Parmi eux, Jihen, 26 ans, qui qualifie «d’humanitaire » son travail accompli lors du confinement. « Je me suis sentie utile en me consacrant pleinement à rassurer ces personnes tout en les sensibilisant à la nécessité de rester chez eux », raconte-t-elle. Et de poursuivre : « Dans un premier temps, beaucoup ont eu des attaques de panique. Puis, progressivement, le temps de l’adaptation de l’organisme à cette peur était venu », souligne-t-elle. Souissi ajoute qu’avec la durée du confinement, d’autres craintes sont apparues : « Certains se sont demandés s’ils peuvent tenir financièrement. D’autres troubles ont émergé avec le changement de rythme de vie pour certains ou le stress du télétravail pour d’autres ».
Avec le déconfinement progressif, les appels ont diminué, affirme la psychologue.
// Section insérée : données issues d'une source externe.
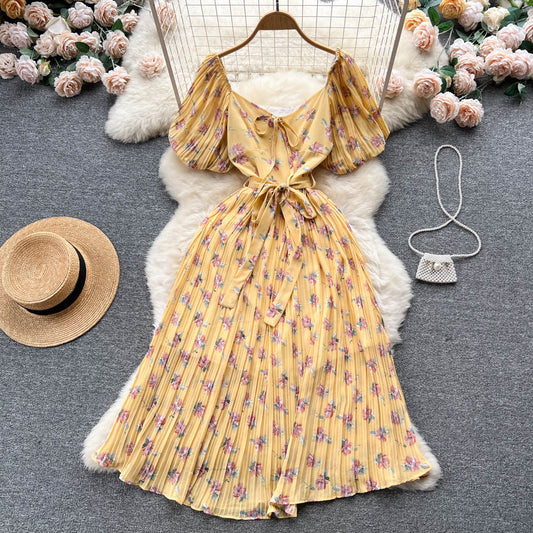 French Puff Sleeve Floral Dress Women's Summer Chiffon Long Dress 277

Mais les soucis ne disparaissent pas pourtant. « Les gens restent marqués par le confinement. Certains ont du mal à sortir désormais de ce confinement ou de reprendre un rythme de vie chamboulé ces derniers mois », explique Gaith Souissi.
Valoriser le travail des psychologues
Pour le co-fondateur d’A7kili, le métier de psychologue n’est pas assez valorisé. « Il existe 35 cabinets de psychologue en Tunisie, soit un psychologue pour environ 350000 citoyens », déplore-t-il. Jihen évoque de son côté le déni entourant les troubles mentaux.
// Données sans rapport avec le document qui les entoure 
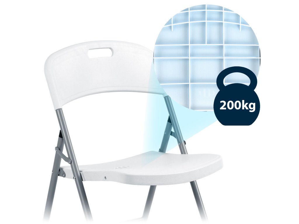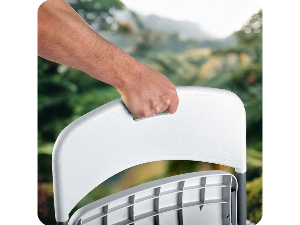 A kidolgozott részleteknek köszönhetően, mint például a kényelmes fogantyú, egyszerűen hordozható és felállítható a szék a célhelyen.

« Les gens avaient honte d’en parler de peur d’être stigmatisés. Et ceux qui en avaient conscience se dirigeaient plutôt vers les psychiatres, puisque notre société valorise davantage le métier de médecin par rapport aux psychologues. Même si certaines personnes n’avaient pas réellement besoin de se diriger vers le traitement médicamenteux proposés par la psychiatrie». Et de nuancer aussitôt : « Certains avaient besoin d’une prise en charge psychiatrique ou de voir un psychologue pour effectuer des tests dans un cabinet, ceux-là ont les dirigeait vers les personnes compétentes avec qui nous collaborons », assure la psychologue.
Souissi rebondit dans ce sens en regrettant l’absence de « culture psychologique chez la plupart des Tunisiens ». Une carence qui se traduit par l’incapacité de comprendre ce qui leur arrive, pour décider vers qui se diriger. « Les autorités n’accordent pas non plus beaucoup d’importance à l’aspect psychologique. Dans certaines entreprises publiques, aucun soutien psychologique n’est fourni aux fonctionnaires », déplore-t-il. D’autres entreprises semblent toutefois plus conscientes de cette problématique : « On est en train de créer une cellule psychologique pour des grandes entreprises », se félicite-t-il.
Parmi les projets en chantier, A7kili vise à développer une application permettant aux Tunisiens dans le pays et ailleurs, de solliciter l’aide de psychologues via des appels audio, vidéo et grâce au tchat.